FIG. 8 are drawings showing shapes of the pocket.

The heat-generation 1 shown in FIG. 8(A) has a gourd-shaped pocket 13.

The heat-generation 1 shown in FIG. 8(B) has an oval pocket 13.

The heat-generation 1 shown in FIG. 8(C) has a heart-shaped pocket 13.

BRIEF DESCRIPTION OF THE DRAWINGS

FIG. 1 is a drawing showing a process for producing an adhesive type heat-generation according to the present invention;

FIG. 2 are drawings showing each layer passed the adhesive layer forming process, FIG. 2(A) is a plane drawing and FIG. 2(B) is a cross-sectional drawing;

FIG. 3 are drawings schematically showing the pocket forming and adhesive gathering process (B process) and the pocket sealing process (C process), FIG. 3(A) is a perspective drawing, FIG. 3(B) is a cross-sectional drawing and FIG. 3(C) is an enlarged drawing showing a seal roll used in the processes;

FIG. 4 is a drawing schematically showing a state in which the films are passing through the contact zone;

FIG. 5 are drawings showing each layer after passing the contact zone, FIG. 5(A) is a plane drawing and FIG. 5(B) is a cross-sectional drawing;

FIG. 6 are drawings showing a structure of the adhesive type heat-generation. FIG. 6(A) is a plane drawing and FIG. 6(B) is a cross-section drawing;

FIG. 7 is a drawing showing the cutting process;

FIG. 8 are drawings showing shapes of the pocket.

EXPLANATION OF REFERENCES

• 1 adhesive type heat-generation
• 3 release film
• 4 adhesive layer
• 5 base film
• 6 heating composition
• 7 air-permeable film
• 11 peripheral edge (heat-sealed portion)
• 13 pocket
• 30 adhesive layer forming process
• 33 release film roll
• 35 base film roll
• 37 coater roll
• 39 clearance roll
• 41 hopper
• 43,45,47 tension roll
• 50 three-layered film
• 60 a pocket forming and adhesive gathering process
• 61 seal roll pair
• 63,65 seal rolls
• 67 hopper
• 69 measuring apparatus
• 69a outlet
• 70 sheet
• 71 concave portion
• 73 border portion
• 75 tension roll
• 81 tension roll
• 90 cutting process
• 91,93 rotary blades
• 95 belt conveyer

Claims

1-4. (canceled)

5. A process for producing an adhesive type heat-generation comprising a release film, a hydrous hydrophilic adhesive layer, a base film, a heating composition layer and an air-permeable film stacking up in the order comprising:

A process in which said hydrous hydrophilic adhesive layer is spread and sandwiched between said release film and said base film in a predetermined thickness while continuously feeding said release film and said base film from respective rolls to form said adhesive layer;

B process in which said base film on its side opposite to said adhesive layer and said air-permeable film are joined, peripheral edges of said films are melt-bonded to form a heat-sealed peripheral edge and thus to form a pocket between said base film and said air-permeable film for containing a heating composition, and simultaneously therewith, an adhesive of said adhesive layer is pushed and gathered inside said heat-sealed peripheral edge; and

C process in which said heating composition layer is formed in said pocket and sealed said pocket at the same time of, or, before or after the formation of said pocket,

wherein said adhesive is spread on an inside area at a predetermined distance from both side edges of said release film in said A process and

a contour of a planer area on which said adhesive layer is applied is substantially conformed to a contour of said pocket in said B process.

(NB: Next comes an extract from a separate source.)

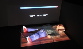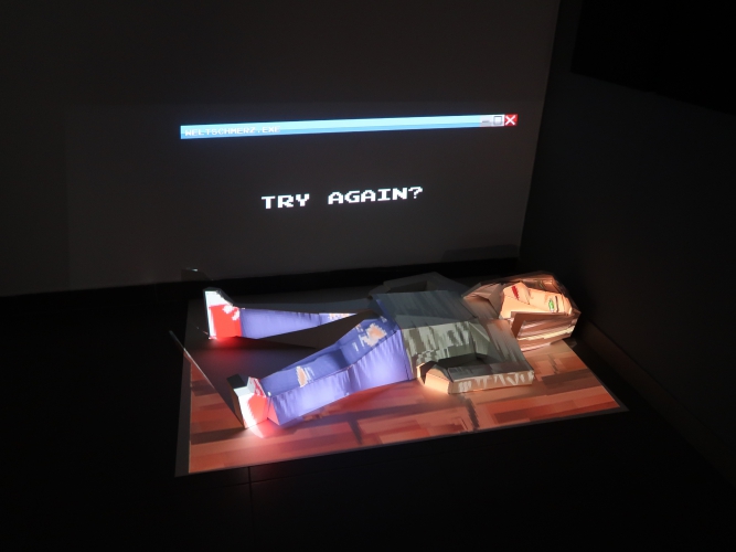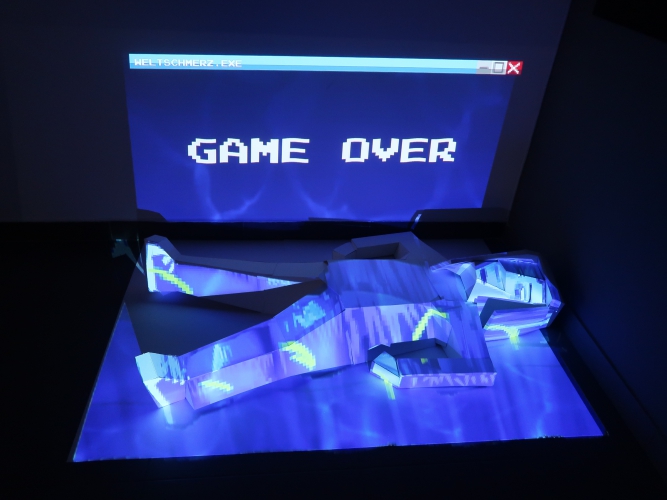 Młodzi artyści czerpią z estetyki cyfrowych komunikatów wizualnych – współczesnych i tych sprzed lat, gdy komputer kojarzył się z niewinną rozrywką. Choć i ta niewinność była zwodnicza – świetnie obrazują to dwie rzeźby pozostające w klimacie dawnych gier komputerowych: „kwadratowe” postaci ludzkie leżą na ziemi, powalone, ale wciąż podłączone do komputera. „Game over” – słychać, gdy widz zbliży się do tej autorstwa Macieja Zielińskiego (laureata nagrody „Kalejdoskopu” w studenckim konkursie sprzed roku). W drugiej rzeźbie - "Weltschmerz" Wiktorii Głowackiej - postać zmienia stan: raz żarzy się, jakby płonęła od wewnątrz, raz „tonie” w wodzie, a przerywnikiem w tym cyklu cierpień jest wizualny sygnał zakłócenia, śnieżenie. Tylko gra komputerowa może zapewnić takie doznania, jak wielokrotna śmierć i nieustanne zmartwychwstawanie. „Game over” na zmianę z „Try again?”. Życie po życiu, po życiu, po życiu…

6. The process for producing an adhesive type heat-generation according to claim 5,

wherein said adhesive type heat-generation will be mass-produced by arranging said heat-generations in the longitudinal and width directions of the film, and then said film will be cut along said heat-sealed portions so as to divide each adhesive type heat-generation individually.

7. The process for producing an adhesive type heat-generation according to claim 5,

wherein a plane on which said adhesive layer is applied is made into a gourd-shape, a heart-shape or an oval shape.

8. The process for producing an adhesive type heat-generation according to claim 6,

wherein a plane on which said adhesive layer is applied is made into a gourd-shape, a heart-shape or an oval shape.